Vivien A. Schmidt (born 1949) is an American academic of political science and international relations. At Boston University, she is the Jean Monnet Chair of European Integration Professor of International Relations in the Pardee School of Global Studies, and Professor of Political Science. She is known for her work on political economy, policy analysis, democratic theory, and new institutionalism. She is a 2018 recipient of a Guggenheim Fellowship and has been named a Chevalier in the French Legion of Honor.

== Biography ==
Schmidt received her Bachelor of Arts from Bryn Mawr College, and both her Masters and PhD from the University of Chicago. She also attended Sciences Po in Paris.

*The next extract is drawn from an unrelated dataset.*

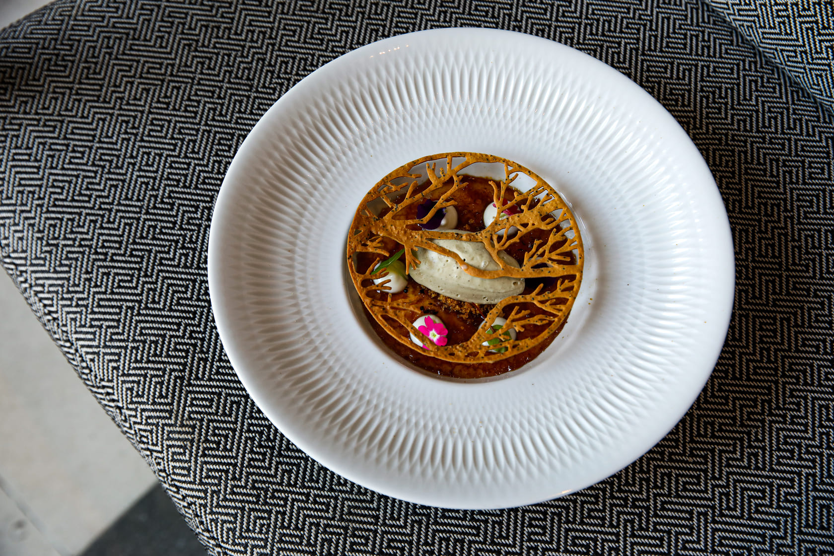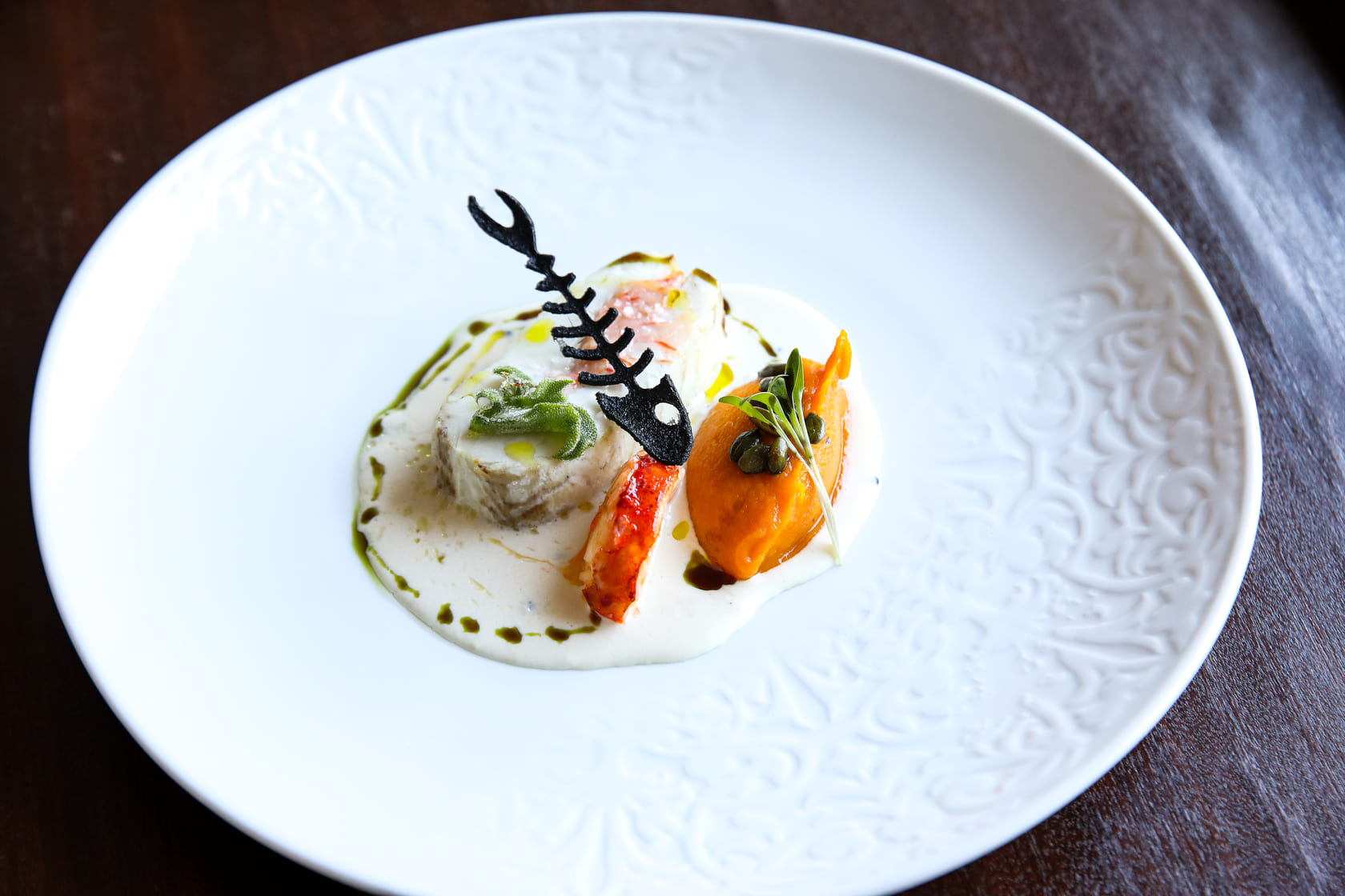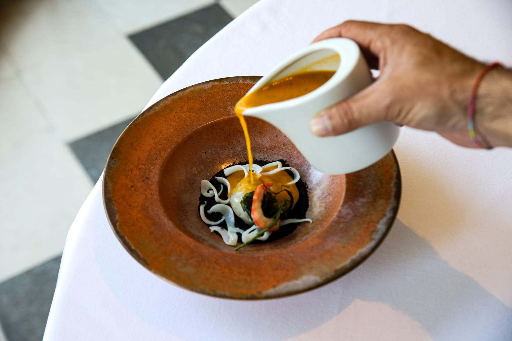 Entre as criações, a sopa de peixe combina gamba do Algarve, peixe da lota e choco, finalizada com crocante de milho e algas. O prato C. L. P. junta camarão, lavagante e pregado com abóbora e creme de manteiga e ervas, enquanto o clássico rabo de boi estufado é servido com cremoso de batata trufada, espinafres e cogumelos salteados. A refeição termina com leite creme queimado acompanhado de gelado de tomilho e crocante de papoila e sésamo. O menu está disponível por 95€ por pessoa, sem bebidas, e pode ser complementado com um wine pairing por 35€ adicionais.

She taught at the University of Massachusetts Boston, has been a visiting professor at LUISS Guido Carli University in Rome, the Sciences Po in Paris, the University of Massachusetts Amherst, the Institute for Advanced Studies in Vienna, European University Institute in Florence, Max Planck Institute in Cologne, the University of Paris and Lille, and is visiting scholar at Nuffield College, Oxford University and at Harvard University, where she is an affiliate of the Center for European Studies. She headed the European Union Studies Association in the United States. She was the founding Director of the Center for the Study of Europe at the Pardee School of Global Studies at Boston University.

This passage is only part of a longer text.